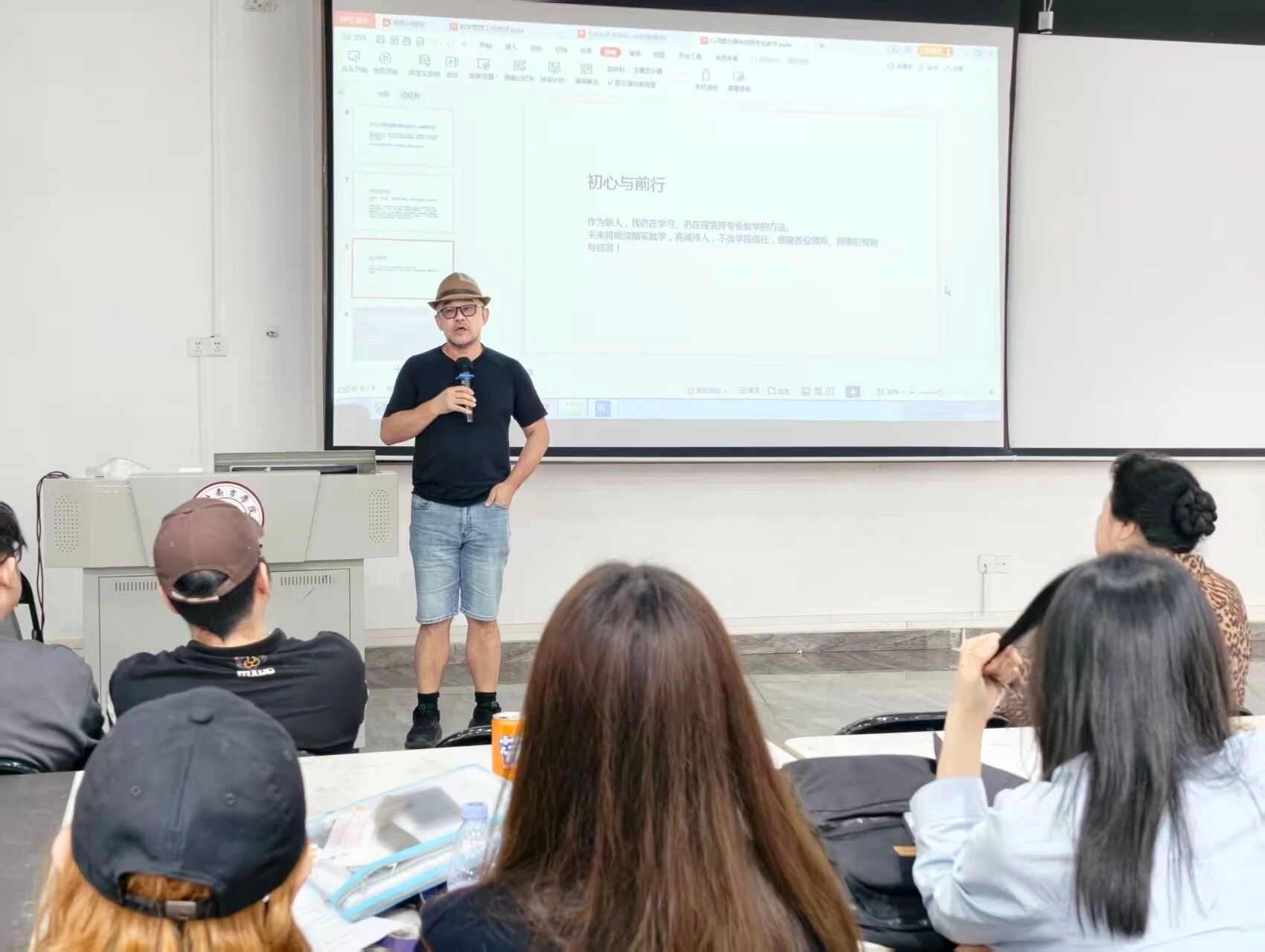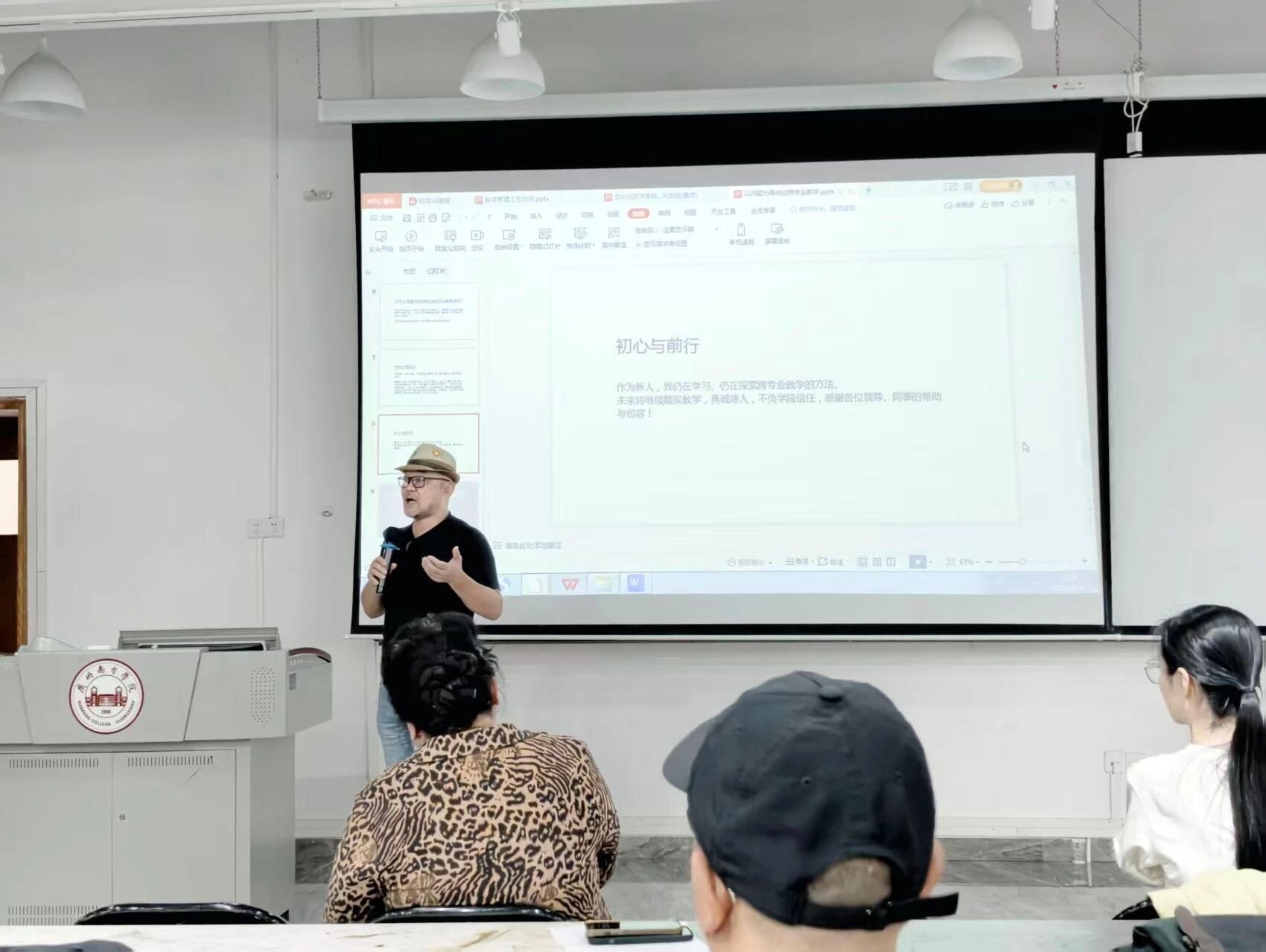 接着,新教师代表陈锐城结合《游戏场景设计》课程,分享了跨专业专升本教学的困惑与探索。他针对摄影、视传、环艺、动画等多元背景员工,尝试保职工原有专业技能,推动跨平台能力融合,以成果为导向设计宽泛适用的教学内容,让知识可跨专业复用,充分展现了青年教师主动钻研、积极成长的良好风貌。
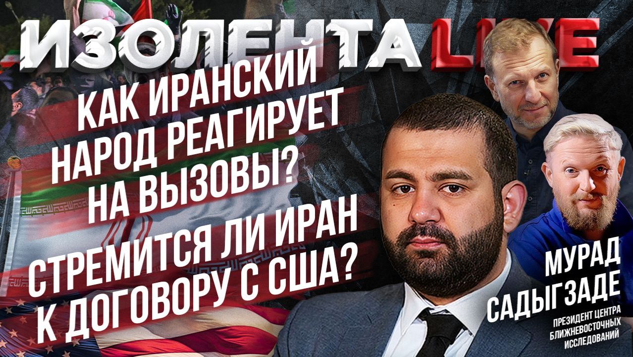В эфире программы "ИзолентаLive" президент Центра ближневосточных исследований Мурад Садыгзаде. Мурад Садыгзаде: https://t.me/vostochnykaraul Трофим Татаренков: https://t.me/NeBrigada Пётр Лидов: https://t.me/pvsgns Задонатить, участвовать в голосовании и задать вопрос можно тут: https://donate.stream/izolentalive. Нравятся наши выпуски? Подпишись на «Изолента+»: https://t.me/tribute/app?startapp=sr3 Изолента в Телегам https://t.me/izolentalive Изолента ВКонтакте https://vk.com/izolentalive Изолента в MAX: https://max.ru/izolentalive Кулинарный проект "Мужики на кухне": https://t.me/tribute/app?startapp=si76 Радио Sputnik: https://t.me/radio_sputnik «ИзоТОЛК» — это новый проект «ИзолентаLive» и «Изолента+»! Есть что сказать? Оставь заявку здесь: https://t.me/IzoTalkBot. Книга Трофима «Темник», как говорят злые языки, главная книга года. Купить её можно тут: https://litgid.com/catalog/sovremennaya_proza/temnik/
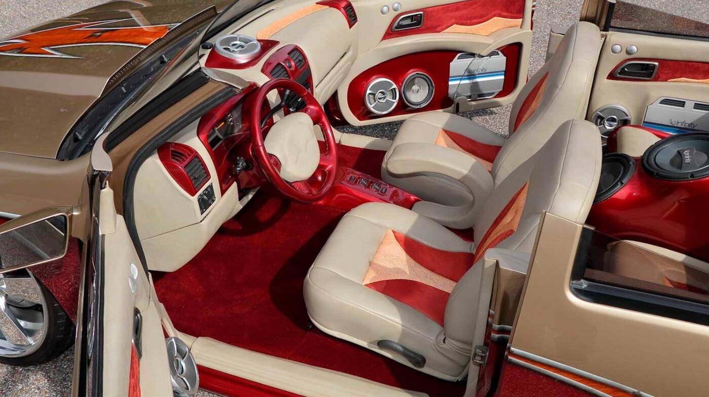 Kabina jest jednak tym, co może zachwycić, jako że uderza w scenę tuningową sprzed dwóch, a może nawet i trzech dekad. utrzymane w kolorystyce bordowej i beżowo-brązowej, nadaje samochodowi wyjątkowy charakter, którego podkreślają wstawki z wężowej skóry i gruby dywan na podłodze.
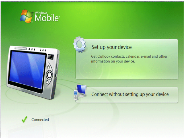 6. Click Set Up. The Windows Mobile Device Center pop-up reappears. Your scanner should appear with a Connected status.
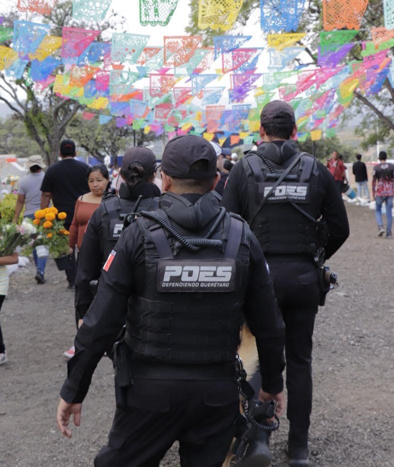Durante estos días, se mantendrán recorridos permanentes en panteones, plazas y espacios públicos con alta afluencia de habitantes y visitantes, con el objetivo de garantizar la seguridad y tranquilidad de las familias queretanas.
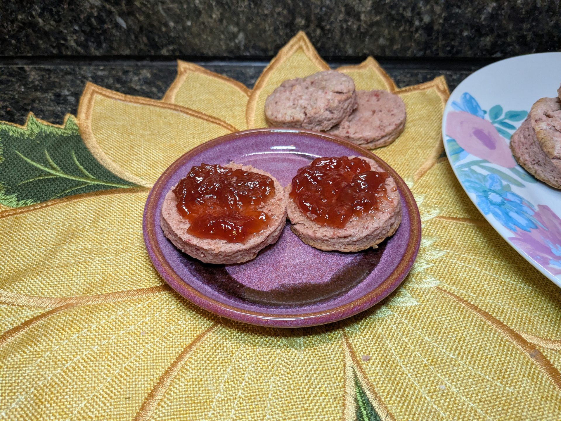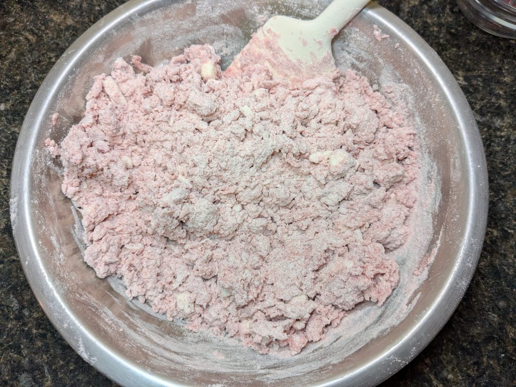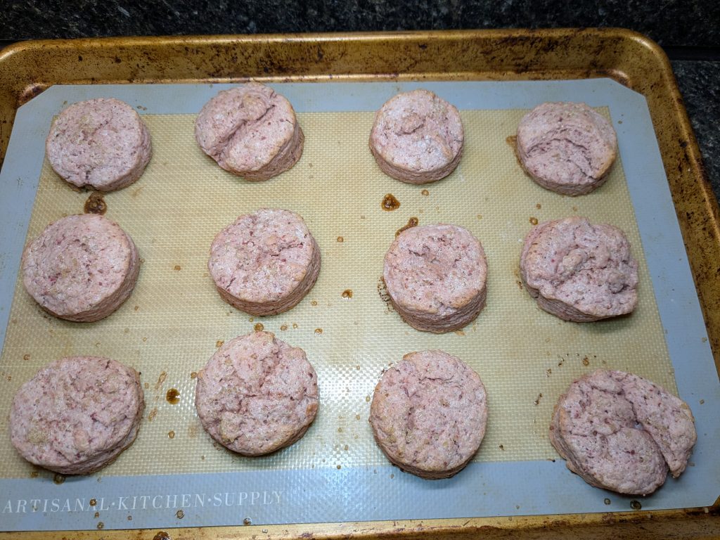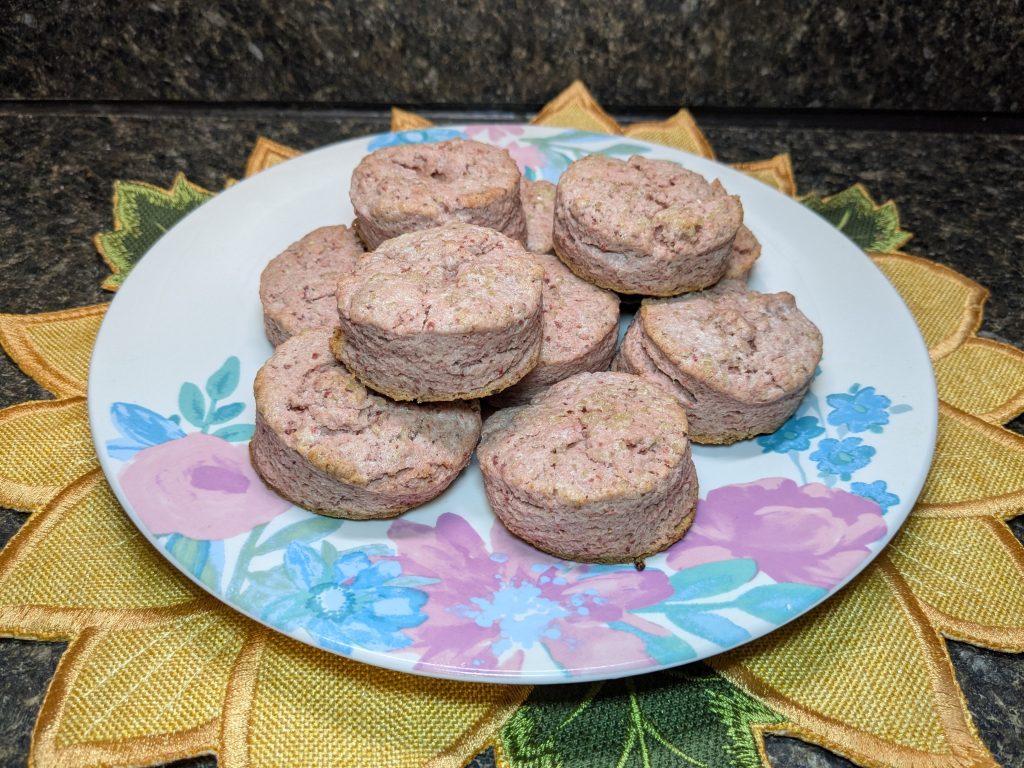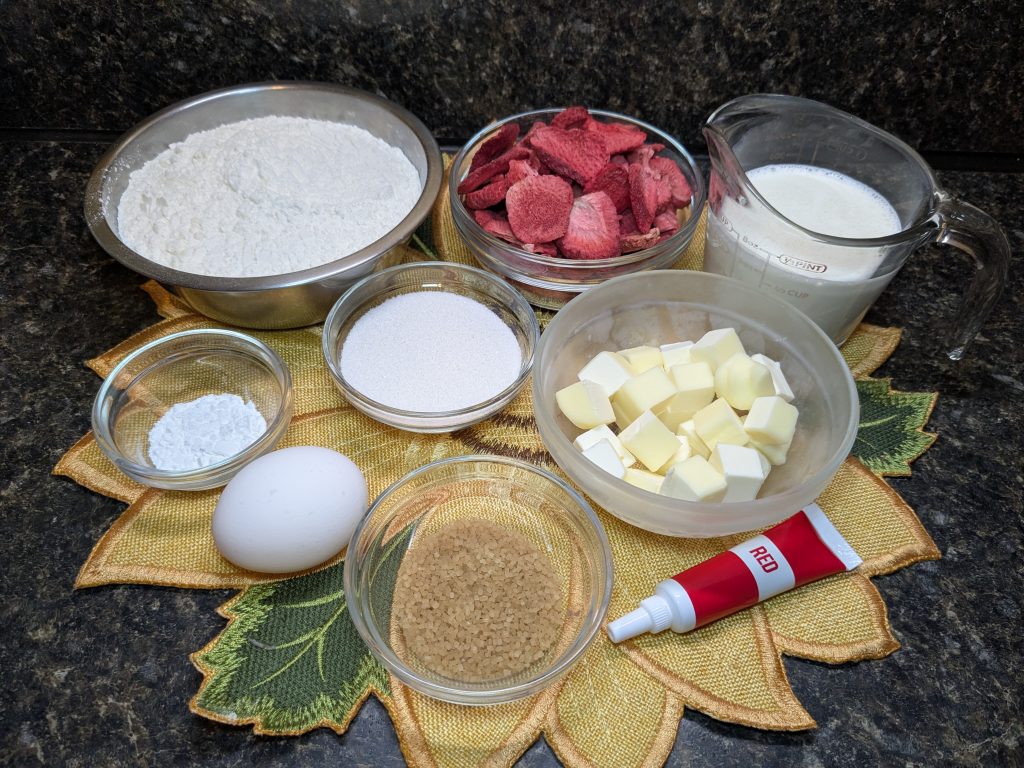 Today’s recipe is a variation on that third one, using freeze-dried strawberries to add color and flavor to the finished product. They’re pink, subtly flavored, and perfect for topping with jam, whipped cream, or even a dollop of ice cream if you want. I’m not here to judge!
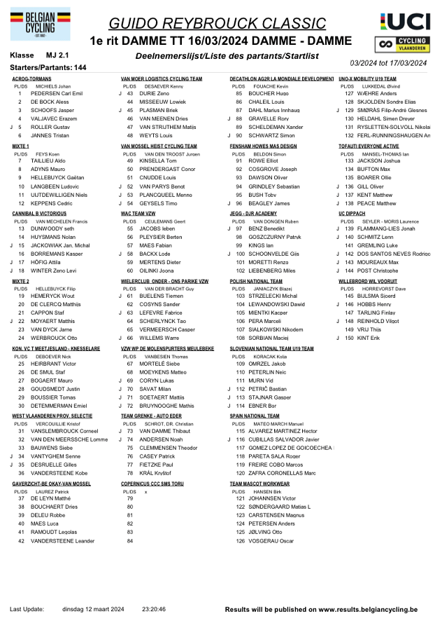 La « GUIDO REYBROUCK CLASSIC » est une épreuve internationale pour JUN. Elle est disputée sur deux jours dans la région de DAMME, près de Bruges. Pour information.
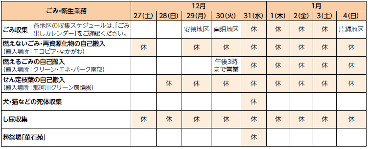し尿収集予定日が、休みにあたる地域は年内に収集する予定です。臨時で、し尿収集が必要な場合は事前に那珂川事業センターへ連絡ください。
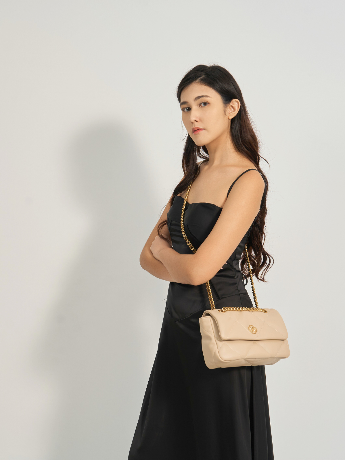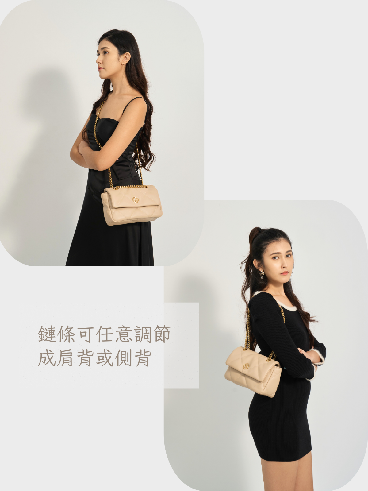 Dual chain design allows for easy switching between shoulder and crossbody styles.
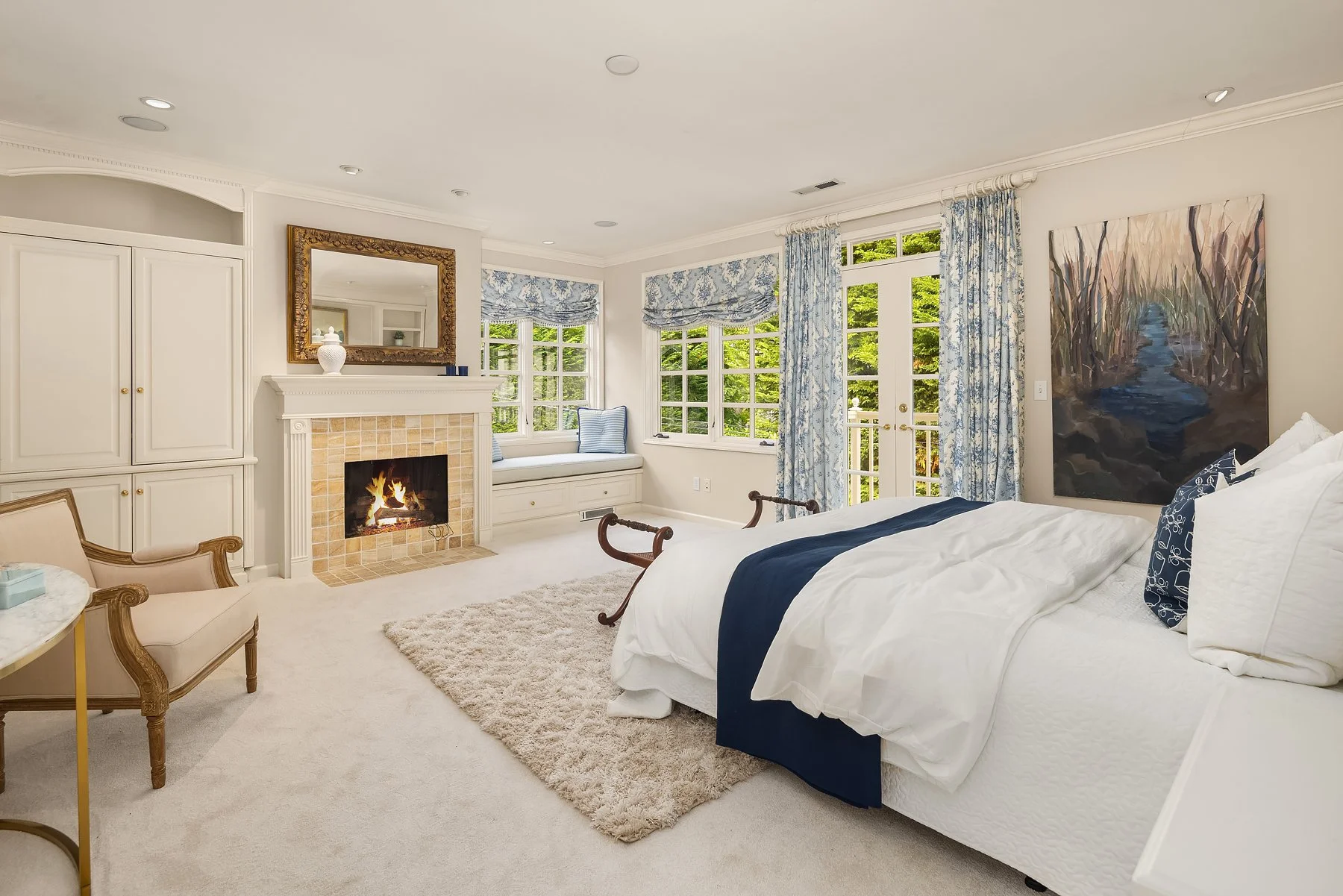 Upstairs, four generously scaled bedrooms await, including a primary suite featuring a private balcony, fireplace, five-piece bath, walk-in closet, and window seat. The lower level offers additional versatility with ample storage space and a bonus room.

■ ■ ■

## Exercise brief
Pictures in the records must not appear in the copy; transcribe everything else precisely.

## Answer to the exercise
 接着,新教师代表陈锐城结合《游戏场景设计》课程,分享了跨专业专升本教学的困惑与探索。他针对摄影、视传、环艺、动画等多元背景员工,尝试保职工原有专业技能,推动跨平台能力融合,以成果为导向设计宽泛适用的教学内容,让知识可跨专业复用,充分展现了青年教师主动钻研、积极成长的良好风貌。
В эфире программы "ИзолентаLive" президент Центра ближневосточных исследований Мурад Садыгзаде. Мурад Садыгзаде: https://t.me/vostochnykaraul Трофим Татаренков: https://t.me/NeBrigada Пётр Лидов: https://t.me/pvsgns Задонатить, участвовать в голосовании и задать вопрос можно тут: https://donate.stream/izolentalive. Нравятся наши выпуски? Подпишись на «Изолента+»: https://t.me/tribute/app?startapp=sr3 Изолента в Телегам https://t.me/izolentalive Изолента ВКонтакте https://vk.com/izolentalive Изолента в MAX: https://max.ru/izolentalive Кулинарный проект "Мужики на кухне": https://t.me/tribute/app?startapp=si76 Радио Sputnik: https://t.me/radio_sputnik «ИзоТОЛК» — это новый проект «ИзолентаLive» и «Изолента+»! Есть что сказать? Оставь заявку здесь: https://t.me/IzoTalkBot. Книга Трофима «Темник», как говорят злые языки, главная книга года. Купить её можно тут: https://litgid.com/catalog/sovremennaya_proza/temnik/
 Kabina jest jednak tym, co może zachwycić, jako że uderza w scenę tuningową sprzed dwóch, a może nawet i trzech dekad. utrzymane w kolorystyce bordowej i beżowo-brązowej, nadaje samochodowi wyjątkowy charakter, którego podkreślają wstawki z wężowej skóry i gruby dywan na podłodze.
 6. Click Set Up. The Windows Mobile Device Center pop-up reappears. Your scanner should appear with a Connected status.
Durante estos días, se mantendrán recorridos permanentes en panteones, plazas y espacios públicos con alta afluencia de habitantes y visitantes, con el objetivo de garantizar la seguridad y tranquilidad de las familias queretanas.
 Today’s recipe is a variation on that third one, using freeze-dried strawberries to add color and flavor to the finished product. They’re pink, subtly flavored, and perfect for topping with jam, whipped cream, or even a dollop of ice cream if you want. I’m not here to judge!
 La « GUIDO REYBROUCK CLASSIC » est une épreuve internationale pour JUN. Elle est disputée sur deux jours dans la région de DAMME, près de Bruges. Pour information.
し尿収集予定日が、休みにあたる地域は年内に収集する予定です。臨時で、し尿収集が必要な場合は事前に那珂川事業センターへ連絡ください。
 Dual chain design allows for easy switching between shoulder and crossbody styles.
 Upstairs, four generously scaled bedrooms await, including a primary suite featuring a private balcony, fireplace, five-piece bath, walk-in closet, and window seat. The lower level offers additional versatility with ample storage space and a bonus room.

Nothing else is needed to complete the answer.